Assignment: For every entry below, give an exact repeat and leave out the pictures.

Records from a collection
----
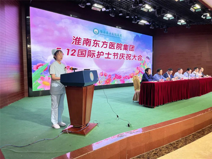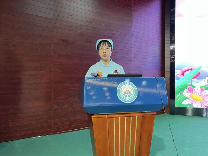 儿科护士长廖红光作为优秀护士代表上台发言。她深情地表示,“选择了护理事业,就选择了奉献!打针、发药、输液,我们在苦中呵护着生命;值班、交班,白天黑夜,我们在繁琐中把握着生命的轮回。可再苦再累,我们却无悔,因为我们深深的热爱着这份神圣的事业,是她让我们知道如何平等、善良、真诚的对待每一个生命,是她让我们明白了“燃烧自己照亮他人”的真理,更是她让我们懂得了真心爱心责任心的真谛!……目前,医院面临三级甲等医院的评定工作,新的挑战也给护理工作提出了更高的要求。但是,面对困难,我们并不害怕,面对挑战,我们也绝不会退缩。我坚信,在董事长、集团党委的坚强领导下,在护理部的正确领导下,我们一定会打造出优质的东方护理品牌,创三甲一定会成功!”
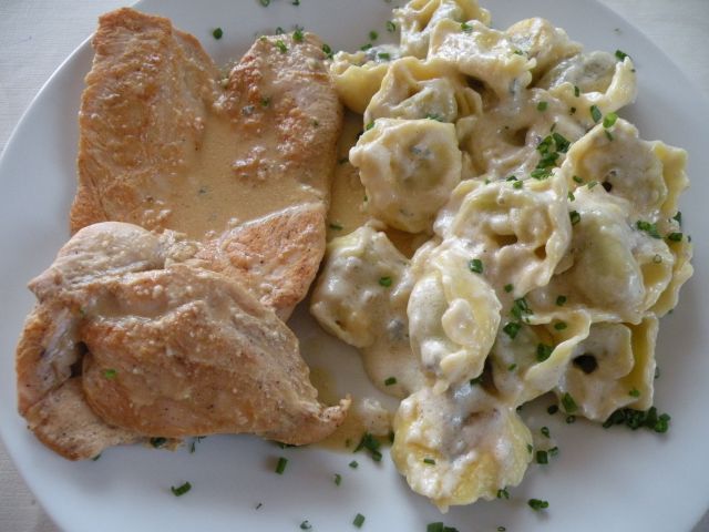 cervusTortelini v smetanovi omaki,piščančja prsa ,mešana solata!
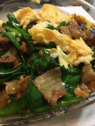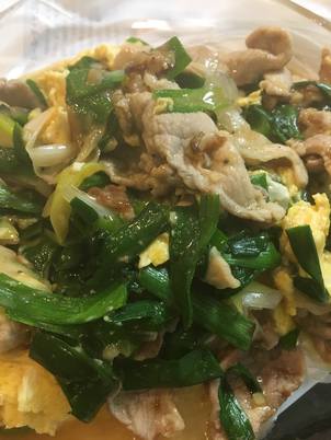今日のQPはつい最近したのと見かけそっくりだが味つけが違う全く別の料理でした(^^ゞ酒塩で下味しカタクリ粉をまぶした豚を炒め、生姜とニンニクのみじん切りを加えて香り立ったら長ネギとニラを入れて強火でさっと炒め合わせ、酒醤油砂糖少々胡椒で調味し、別に作っておいた炒り卵をふわっと混ぜ合わせて仕上げる。
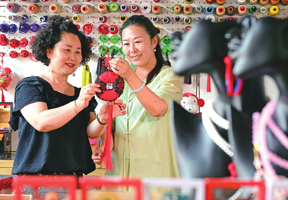 让手艺变现,让文化生根。杨雪飞开班培训妇女数十次,带动上千人掌握盘扣技艺;在阳高县、新荣区等地建立手工艺合作社,让40余名农村妇女通过制作盘扣实现家门口就业。
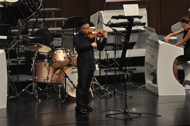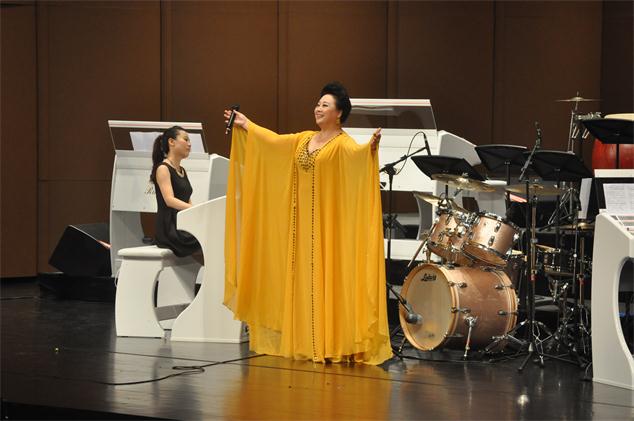 開幕式音樂會首先由著名管風(fēng)琴與電子管風(fēng)琴演奏家、上海音樂學(xué)院現(xiàn)代器樂與打擊樂系主任-朱磊教授填詞、改編,吟飛藝術(shù)中心、常州華聲合唱團(tuán)以及上海音樂學(xué)院打擊樂團(tuán)共同合作演繹的電子交響與合唱作品---《龍吟飛揚(yáng)》氣勢恢宏、大氣磅礴的拉開了序幕。接下來,著名青年古箏演奏家宋心馨與吟飛藝術(shù)中心的兩位青年電子管風(fēng)琴演奏家劉丹丹、齊靚攜手合作,完美上演了動人至極的古箏名曲《蒼歌引》;著名青年歌唱家、總政歌劇團(tuán)國家一級演員湯子星與吟飛團(tuán)隊(duì)的青年電子管風(fēng)琴演奏家曹潔瓊、上海音樂學(xué)院碩士生在讀的侯雪凝共同帶來了一首自作曲《共圓中國夢》;年僅14歲的未來之星-田炎智為大家?guī)砹祟H具技巧難度的電子管風(fēng)琴獨(dú)奏《d小調(diào)托卡塔與賦格》;著名女高音歌唱家、中華全國總工會文工團(tuán)國家一級演員鄭詠老師,為現(xiàn)場聽眾高歌了一曲家喻戶曉的《我愛你,中國》;著名青年演奏家、中央音樂學(xué)院附中室內(nèi)樂及小提琴專業(yè)教師岳麟與吟飛藝術(shù)中心的青年電子管風(fēng)琴演奏家劉丹丹合作的一曲小提琴名作《流浪者之歌》令人贊嘆不已;著名抒情花腔女高音歌唱家吳碧霞與吟飛團(tuán)隊(duì)的青年電子管風(fēng)琴演奏家曹潔瓊共同演繹的一首《帕米爾,我的家鄉(xiāng)多么美》,把整個音樂會推向了最高潮。而本場音樂會的尾聲則上演了兩曲分別由青年電子管風(fēng)琴演奏家巫丹霞、趙偉強(qiáng)作曲、編曲,并親自與上海音樂學(xué)院爵士樂團(tuán)共同演繹的原創(chuàng)佳作---《三言兩語》和《音爆》,為金鐘之星開幕式音樂會畫上了圓滿的驚嘆號。音樂會上,每一位歌唱家、演奏家都極具親和力,他們的同臺獻(xiàn)藝將整場音樂會推向一個又一個的高潮!
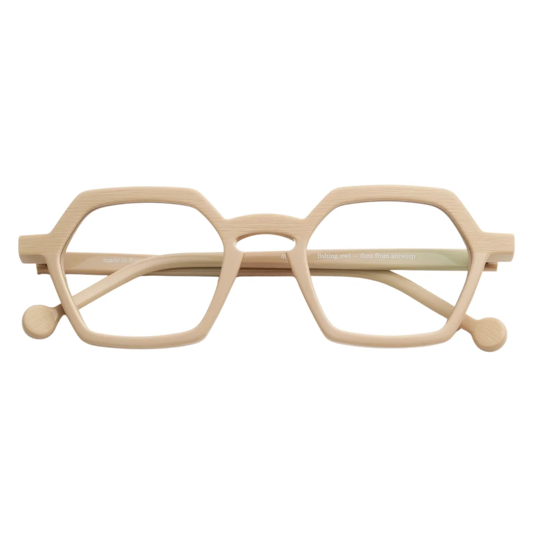 The Theo Fishing Owl 40 is a standout piece from the “Owls” collection, a series that celebrates the brand’s penchant for daring, nature-inspired geometry. This Hexagon frame is a testament to Theo’s commitment to “colouring outside the lines,” featuring a soft Beige acetate that offers a sophisticated, skin-tone-friendly alternative to traditional bold colors. In Mumbai, the Theo Fishing Owl 40 is a favorite among the design community in Bandra, offering a sculptural and intellectual aesthetic that feels both avant-garde and remarkably wearable.
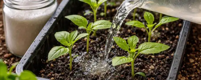 Para resolver o problema de plântulas atrofiadas, pálidas ou frágeis, a solução imediata é a aplicação de uma solução de açúcar branco (sacarose), que se decompõe em glicose e fornece energia direta para as células vegetais, fortalecendo o sistema radicular e acelerando a fotossíntese em condições de baixa luminosidade.
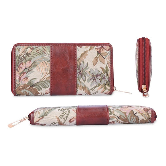Aria Collection Tapestry Fabric & Faux Leather Zip Around Style Womens Wallet Clutch Ladies Purse with Card Holders (Beige)
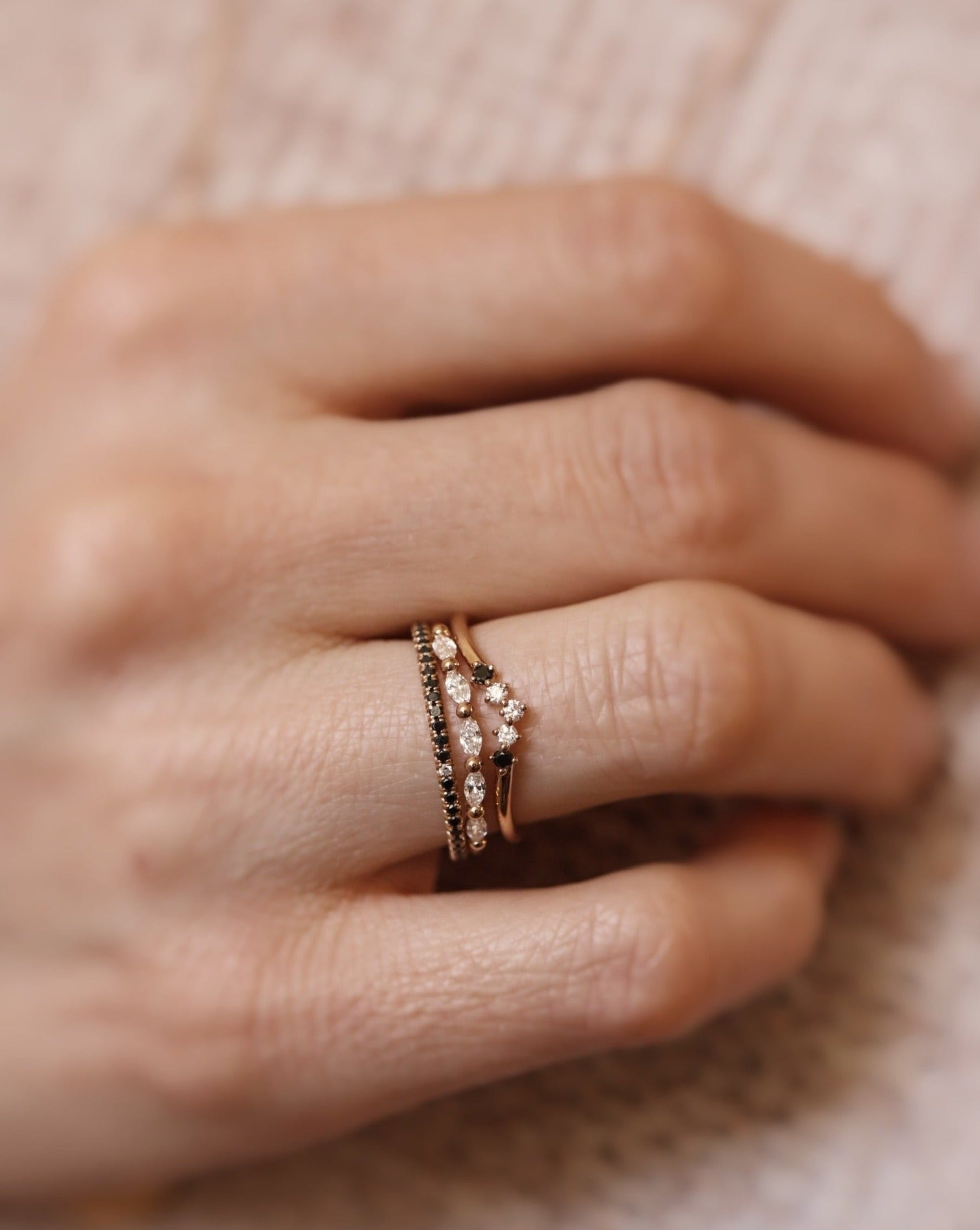 Denna versionen med svarta diamanter ger istället för en romantisk touch istället ett djup och en nonchalant coolhet till din stack.
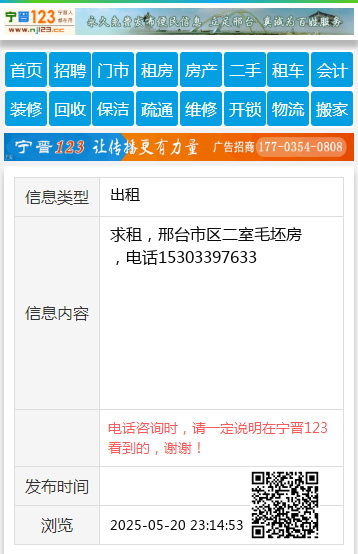 求租,邢台市区二室毛坯房,电话15303397633
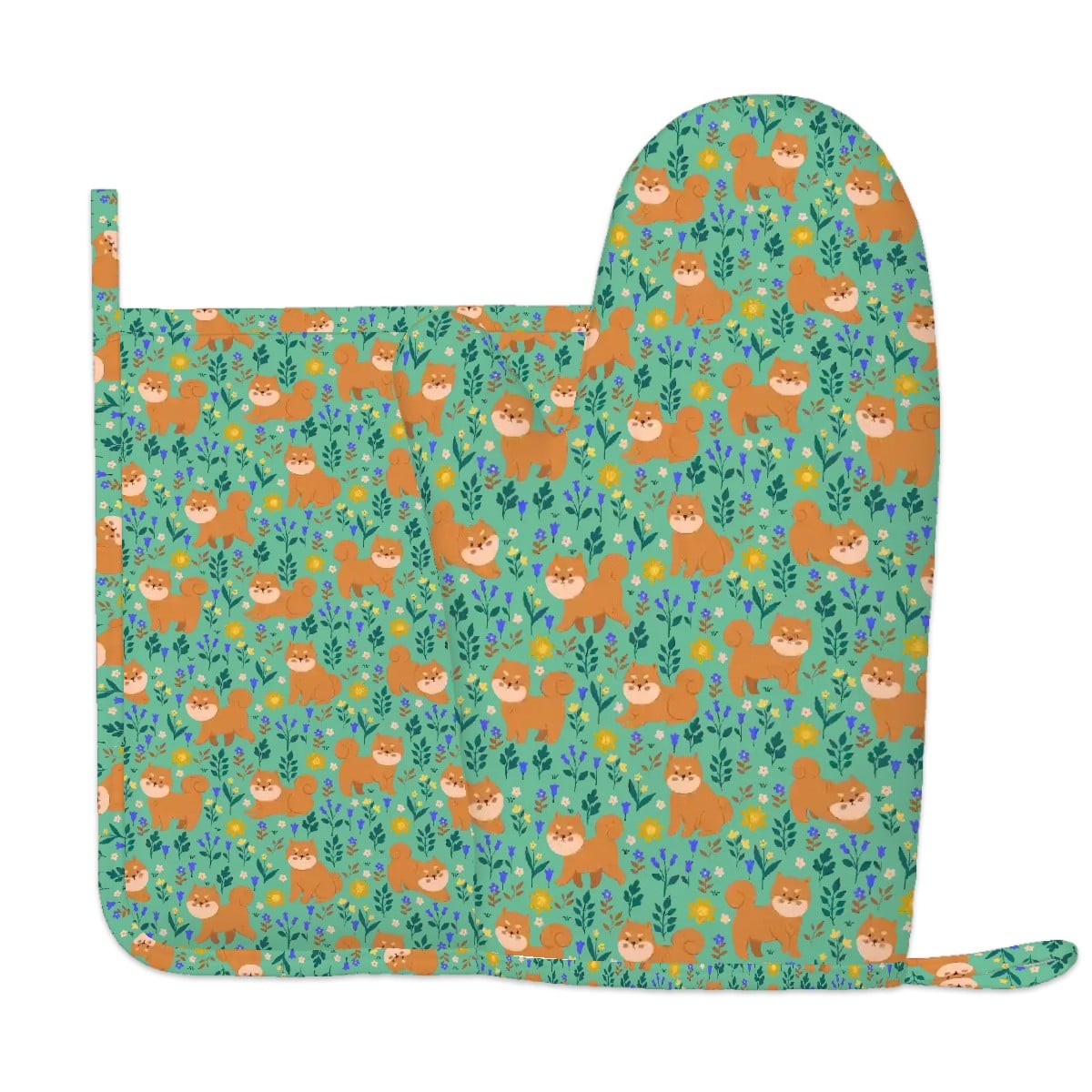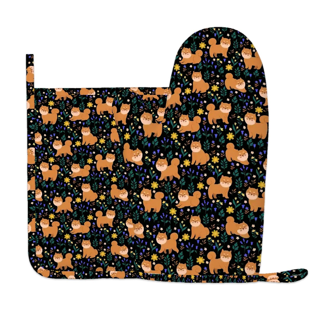 Flower Garden Shiba Inu Oven Mitts and Pot Holder Set
----
Answer:
 儿科护士长廖红光作为优秀护士代表上台发言。她深情地表示,“选择了护理事业,就选择了奉献!打针、发药、输液,我们在苦中呵护着生命;值班、交班,白天黑夜,我们在繁琐中把握着生命的轮回。可再苦再累,我们却无悔,因为我们深深的热爱着这份神圣的事业,是她让我们知道如何平等、善良、真诚的对待每一个生命,是她让我们明白了“燃烧自己照亮他人”的真理,更是她让我们懂得了真心爱心责任心的真谛!……目前,医院面临三级甲等医院的评定工作,新的挑战也给护理工作提出了更高的要求。但是,面对困难,我们并不害怕,面对挑战,我们也绝不会退缩。我坚信,在董事长、集团党委的坚强领导下,在护理部的正确领导下,我们一定会打造出优质的东方护理品牌,创三甲一定会成功!”
 cervusTortelini v smetanovi omaki,piščančja prsa ,mešana solata!
今日のQPはつい最近したのと見かけそっくりだが味つけが違う全く別の料理でした(^^ゞ酒塩で下味しカタクリ粉をまぶした豚を炒め、生姜とニンニクのみじん切りを加えて香り立ったら長ネギとニラを入れて強火でさっと炒め合わせ、酒醤油砂糖少々胡椒で調味し、別に作っておいた炒り卵をふわっと混ぜ合わせて仕上げる。
 让手艺变现,让文化生根。杨雪飞开班培训妇女数十次,带动上千人掌握盘扣技艺;在阳高县、新荣区等地建立手工艺合作社,让40余名农村妇女通过制作盘扣实现家门口就业。
 開幕式音樂會首先由著名管風(fēng)琴與電子管風(fēng)琴演奏家、上海音樂學(xué)院現(xiàn)代器樂與打擊樂系主任-朱磊教授填詞、改編,吟飛藝術(shù)中心、常州華聲合唱團(tuán)以及上海音樂學(xué)院打擊樂團(tuán)共同合作演繹的電子交響與合唱作品---《龍吟飛揚(yáng)》氣勢恢宏、大氣磅礴的拉開了序幕。接下來,著名青年古箏演奏家宋心馨與吟飛藝術(shù)中心的兩位青年電子管風(fēng)琴演奏家劉丹丹、齊靚攜手合作,完美上演了動人至極的古箏名曲《蒼歌引》;著名青年歌唱家、總政歌劇團(tuán)國家一級演員湯子星與吟飛團(tuán)隊(duì)的青年電子管風(fēng)琴演奏家曹潔瓊、上海音樂學(xué)院碩士生在讀的侯雪凝共同帶來了一首自作曲《共圓中國夢》;年僅14歲的未來之星-田炎智為大家?guī)砹祟H具技巧難度的電子管風(fēng)琴獨(dú)奏《d小調(diào)托卡塔與賦格》;著名女高音歌唱家、中華全國總工會文工團(tuán)國家一級演員鄭詠老師,為現(xiàn)場聽眾高歌了一曲家喻戶曉的《我愛你,中國》;著名青年演奏家、中央音樂學(xué)院附中室內(nèi)樂及小提琴專業(yè)教師岳麟與吟飛藝術(shù)中心的青年電子管風(fēng)琴演奏家劉丹丹合作的一曲小提琴名作《流浪者之歌》令人贊嘆不已;著名抒情花腔女高音歌唱家吳碧霞與吟飛團(tuán)隊(duì)的青年電子管風(fēng)琴演奏家曹潔瓊共同演繹的一首《帕米爾,我的家鄉(xiāng)多么美》,把整個音樂會推向了最高潮。而本場音樂會的尾聲則上演了兩曲分別由青年電子管風(fēng)琴演奏家巫丹霞、趙偉強(qiáng)作曲、編曲,并親自與上海音樂學(xué)院爵士樂團(tuán)共同演繹的原創(chuàng)佳作---《三言兩語》和《音爆》,為金鐘之星開幕式音樂會畫上了圓滿的驚嘆號。音樂會上,每一位歌唱家、演奏家都極具親和力,他們的同臺獻(xiàn)藝將整場音樂會推向一個又一個的高潮!
 The Theo Fishing Owl 40 is a standout piece from the “Owls” collection, a series that celebrates the brand’s penchant for daring, nature-inspired geometry. This Hexagon frame is a testament to Theo’s commitment to “colouring outside the lines,” featuring a soft Beige acetate that offers a sophisticated, skin-tone-friendly alternative to traditional bold colors. In Mumbai, the Theo Fishing Owl 40 is a favorite among the design community in Bandra, offering a sculptural and intellectual aesthetic that feels both avant-garde and remarkably wearable.
 Para resolver o problema de plântulas atrofiadas, pálidas ou frágeis, a solução imediata é a aplicação de uma solução de açúcar branco (sacarose), que se decompõe em glicose e fornece energia direta para as células vegetais, fortalecendo o sistema radicular e acelerando a fotossíntese em condições de baixa luminosidade.
Aria Collection Tapestry Fabric & Faux Leather Zip Around Style Womens Wallet Clutch Ladies Purse with Card Holders (Beige)
 Denna versionen med svarta diamanter ger istället för en romantisk touch istället ett djup och en nonchalant coolhet till din stack.
 求租,邢台市区二室毛坯房,电话15303397633
 Flower Garden Shiba Inu Oven Mitts and Pot Holder Set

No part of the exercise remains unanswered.